Я знала, что, как только увижу нужное место, сразу пойму – это мой дом. И наконец нашла его – в маленьком городке при мукомольном заводе в Нью-Джерси. Точнее, это был даже не дом, а церковь – крошечная квадратная пресвитерианская часовенка 1802 года постройки, которую кто-то умело переоборудовал в жилое помещение. Там были две спальни, маленькая кухня и один большой открытый зал, в котором раньше собиралась паства. А еще окна из рифленого стекла в пятнадцать футов высотой. И большой клен во дворе. Вот, собственно, и всё. Находясь на другом конце земли, я подала заявку, даже не увидев этот дом воочию. А через несколько дней, где-то там, в далеком Нью-Джерси, владельцы приняли мое предложение.

– Я нашла нам дом! – торжествующе объявила я Фелипе.

– Отлично, дорогая, – ответил он. – Теперь осталось обрести страну.

И вот я отправилась обретать страну, пропади она пропадом. Перед Рождеством я вернулась в Штаты одна и взяла все наши дела на себя. Подписала документы на дом, забрала вещи со склада, арендовала машину, купила матрас. Нашла склад в соседней деревне, куда можно было бы перевезти товар Фелипе и его драгоценные камни. Зарегистрировала его бизнес как компанию со штаб-квартирой в Нью-Джерси. И все это я сделала, не зная даже, разрешат ли ему вернуться в США. Другими словами, я обустроила нам гнездышко, хотя никаких «нас», по сути, еще не было.

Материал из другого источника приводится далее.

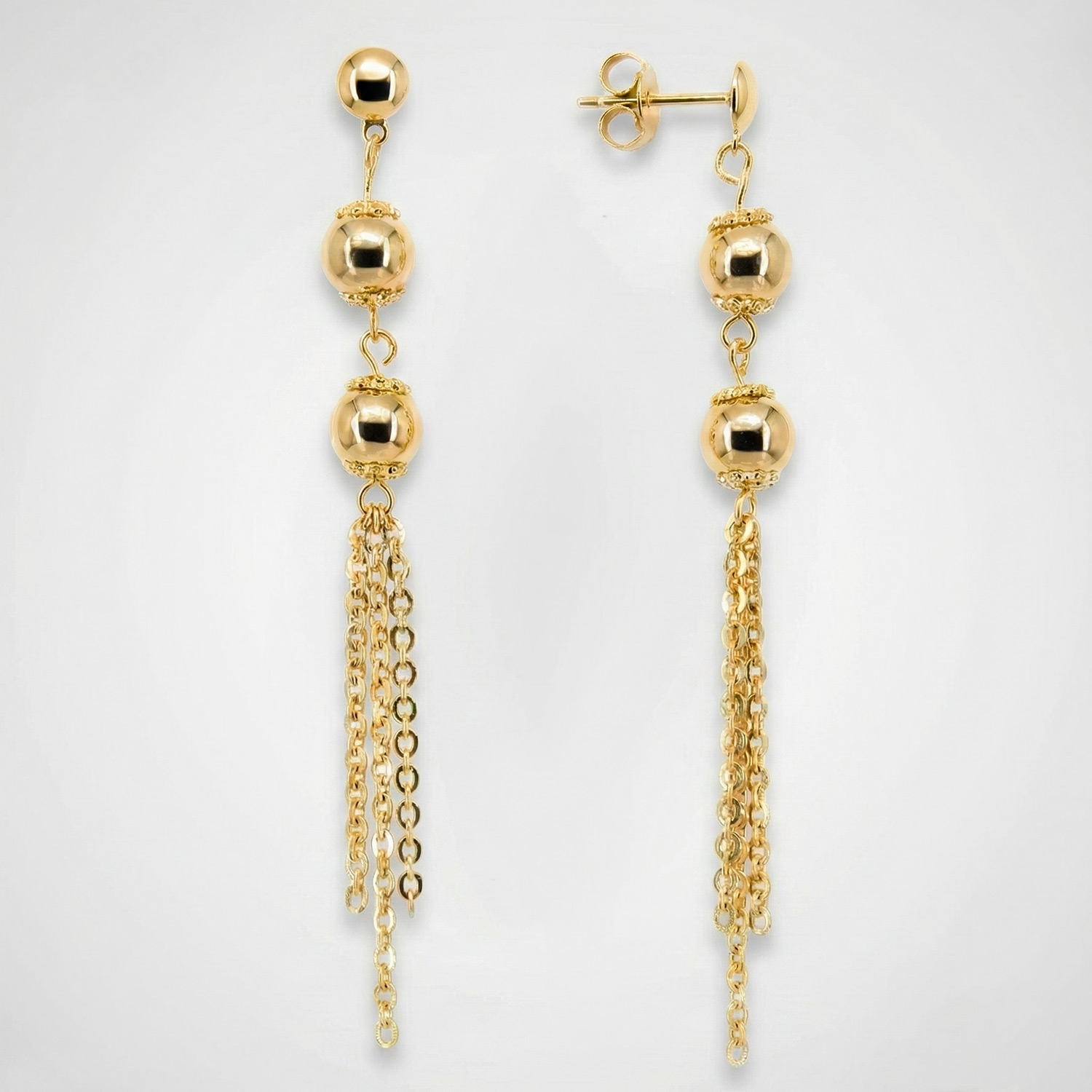 Aretes largos enchapados en oro con esferas pulidas y cascada de cadenas. Un diseño elegante, con gran movimiento y brillo.

Тем временем на Бали Фелипе лихорадочно готовился к предстоящему собеседованию в американском консульстве в Сиднее. С приближением этого события (его предварительно назначили на январь) наши международные разговоры обретали все более и более деловой характер. Мы совсем забыли о том, что такое романтика, – на романтику не было времени. Я сто раз перепроверила списки бюрократических требований, следя за тем, чтобы ни одна бумажечка не ускользнула от Фелипе, когда он наконец пойдет с документами к американским властям. Вместо любовных писем я теперь писала ему сообщения такого содержания: «Дорогой, адвокат сказал, что надо съездить в Филадельфию и лично забрать у него бланки, потому что на них штрихкод и их нельзя послать по факсу. Когда я тебе их перешлю, надо сразу поставить подпись и дату на форме DS-230, часть первая, и отослать ее в консульство с приложением. А на собеседование надо будет взять оригинал формы DS-156 и все остальные иммиграционные документы, но не забудь главное: пока не окажешься там в присутствии американского офицера, который будет проводить собеседование, НЕ ПОДПИСЫВАЙ ФОРМУ DS-156!!!»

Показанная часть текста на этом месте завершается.